Perception Is Everything

united-airlines-logoUnited Airlines announced Economy Basic fares last week. What an utter disaster it’s been. The perception of most people appears to be that United is taking away even more services from the beleaguered coach traveler. Scrooge.

The truth is far different and it doesn’t matter because perception is what matters. The perception is that United announced cuts in their economy fare offering including only being able to bring one bag on board. Last boarding status, etc. Jerks.

The reality is much different. United has offered two classes of economy fares for some time (not including refundable fares). Economy and Economy Plus. For the non-frequent traveler you could purchase a seat in the Economy Plus section (more leg room) for a fee if you so desired. Otherwise you were treated like everyone else on the plane. That is, with equal disdain and uncaring attitudes for the most part, despite videos to the contrary.

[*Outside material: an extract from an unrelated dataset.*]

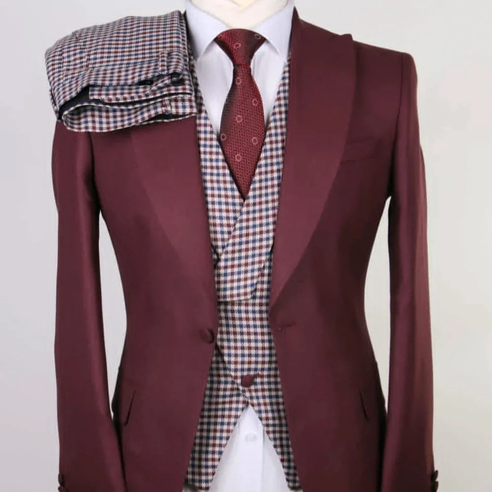 SILIWEYA Customzied Slim Fit Men's Suits Elegant One-Button Peak Lapel Skinny 3 Piece Jacket Pants Vest Party Full Sets Costume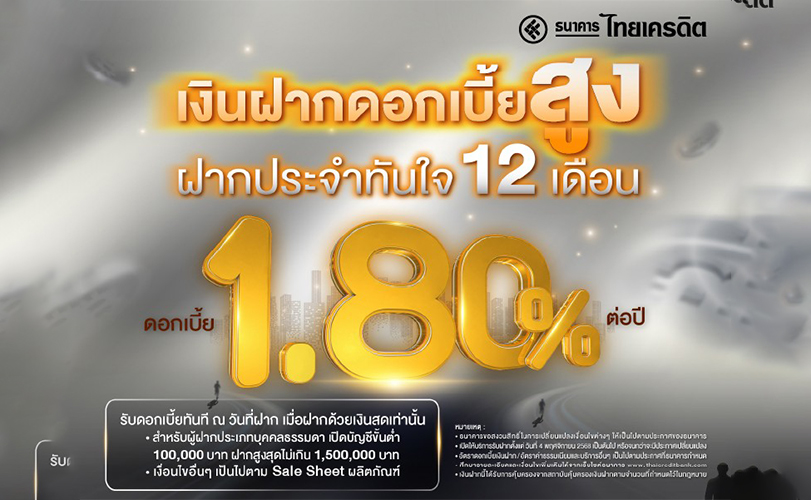 ท่ามกลางกระแสดอกเบี้ยเงินฝากที่ปรับลดลง ธนาคารไทยเครดิต จำกัด (มหาชน) ปรับดอกเบี้ยให้ตอบโจทย์นักออมที่มองหาผลตอบแทนอย่างคุ้มค่าและทันที เปิดตัวโปรโมชันใหม่สวนกระแสตลาดเงินฝาก ด้วย “บัญชีเงินฝากประจำทันใจ 12 เดือน” มอบอัตราดอกเบี้ยสูงถึง 1.80% ต่อปี และ สามารถรับดอกเบี้ยทันทีในวันฝาก ส่งเสริมการวางแผนเก็บเงินเพื่อนำไปใช้ต่อยอดหรือเสริมสภาพคล่องอย่างมั่นคง

The announcement was actually about a THIRD class of Economy to be called Economy Basic. For an even lower fare, one could opt out of a preassigned seat and be limited to only one carry on, plus last group boarding. This was a bare bones fare to compete with bare bones airlines. The theory being you could get the extra value of flying on United (unclear what that actually is, but that is another conversation) while paying the bare bones fare of the lower cost airlines.

Not a bad strategy (delusional in terms of the value add they think they offer, but at least the passenger would have another low-cost option). Horrid announcement. But then if you don’t see yourself remotely through your customers’ eyes, it is easy to make such a simple mistake.

The biggest problem with communication is the illusion it occurs. Focus on how your customer and potential customer will view it, not how you or your C-Suite will view it.